◆ What this task involves
What are the lines, copied exactly, from the one containing "kinderspeelplaats 100 m." through the final line of the material? Leave the pictures out.

◆ Data extract
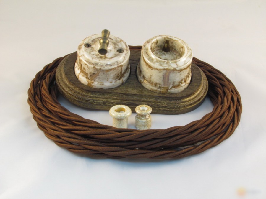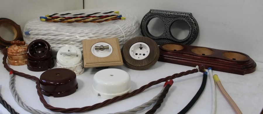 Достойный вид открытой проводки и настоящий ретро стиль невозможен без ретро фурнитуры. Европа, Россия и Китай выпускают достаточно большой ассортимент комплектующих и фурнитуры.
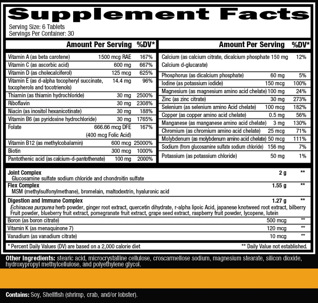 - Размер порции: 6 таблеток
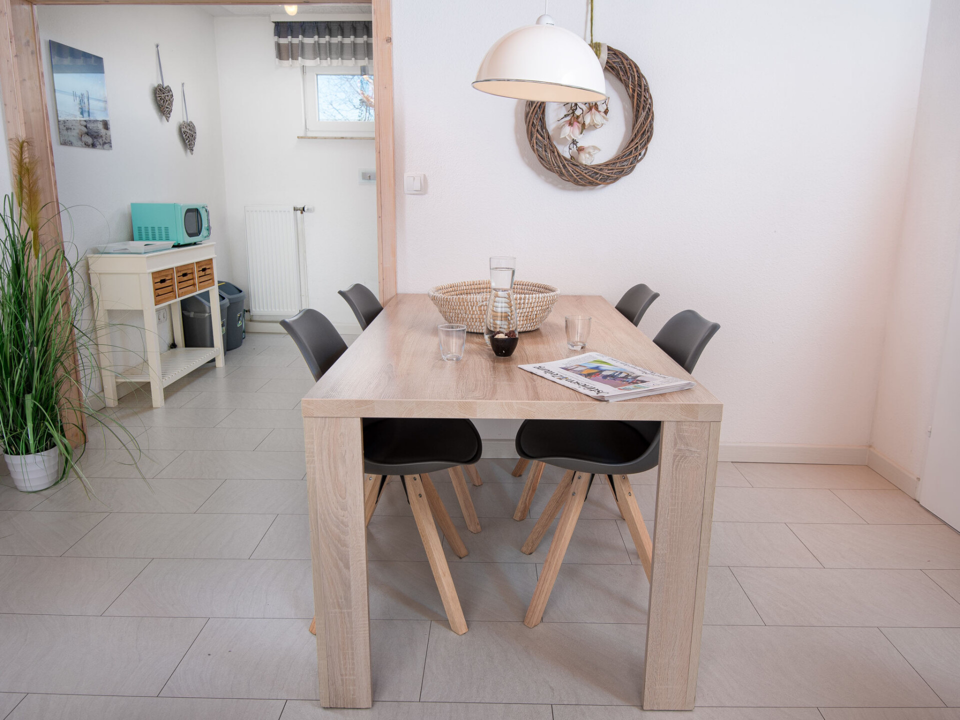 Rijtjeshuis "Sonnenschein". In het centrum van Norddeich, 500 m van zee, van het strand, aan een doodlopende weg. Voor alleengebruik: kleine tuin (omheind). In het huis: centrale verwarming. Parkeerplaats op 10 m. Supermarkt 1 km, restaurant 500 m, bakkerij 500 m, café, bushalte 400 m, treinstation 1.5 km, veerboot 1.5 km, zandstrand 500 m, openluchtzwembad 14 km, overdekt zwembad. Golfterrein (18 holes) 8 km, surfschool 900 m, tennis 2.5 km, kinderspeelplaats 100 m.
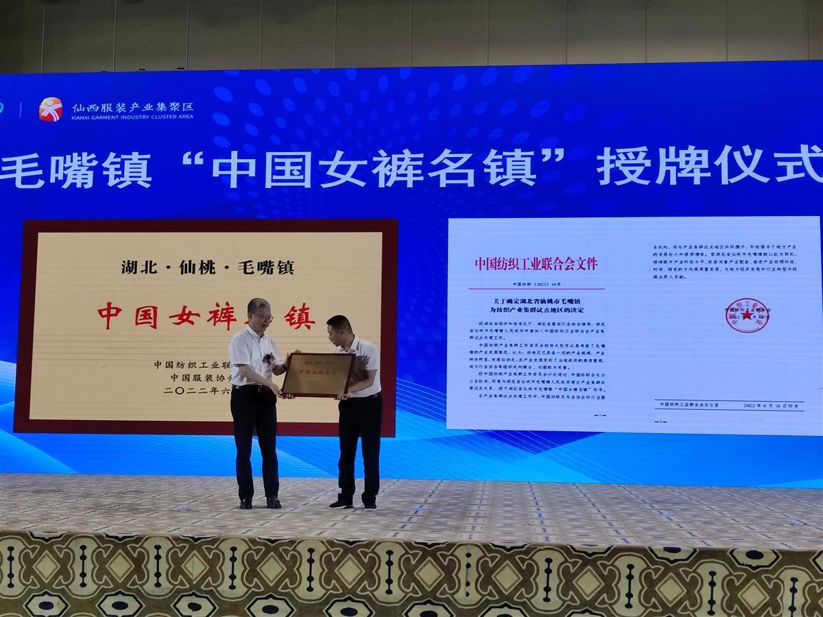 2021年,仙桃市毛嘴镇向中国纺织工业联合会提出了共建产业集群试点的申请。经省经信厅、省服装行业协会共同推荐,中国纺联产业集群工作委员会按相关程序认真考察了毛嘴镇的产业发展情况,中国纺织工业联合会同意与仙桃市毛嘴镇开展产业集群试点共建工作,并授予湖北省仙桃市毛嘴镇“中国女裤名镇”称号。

◆ Answer to the problem
 Rijtjeshuis "Sonnenschein". In het centrum van Norddeich, 500 m van zee, van het strand, aan een doodlopende weg. Voor alleengebruik: kleine tuin (omheind). In het huis: centrale verwarming. Parkeerplaats op 10 m. Supermarkt 1 km, restaurant 500 m, bakkerij 500 m, café, bushalte 400 m, treinstation 1.5 km, veerboot 1.5 km, zandstrand 500 m, openluchtzwembad 14 km, overdekt zwembad. Golfterrein (18 holes) 8 km, surfschool 900 m, tennis 2.5 km, kinderspeelplaats 100 m.
 2021年,仙桃市毛嘴镇向中国纺织工业联合会提出了共建产业集群试点的申请。经省经信厅、省服装行业协会共同推荐,中国纺联产业集群工作委员会按相关程序认真考察了毛嘴镇的产业发展情况,中国纺织工业联合会同意与仙桃市毛嘴镇开展产业集群试点共建工作,并授予湖北省仙桃市毛嘴镇“中国女裤名镇”称号。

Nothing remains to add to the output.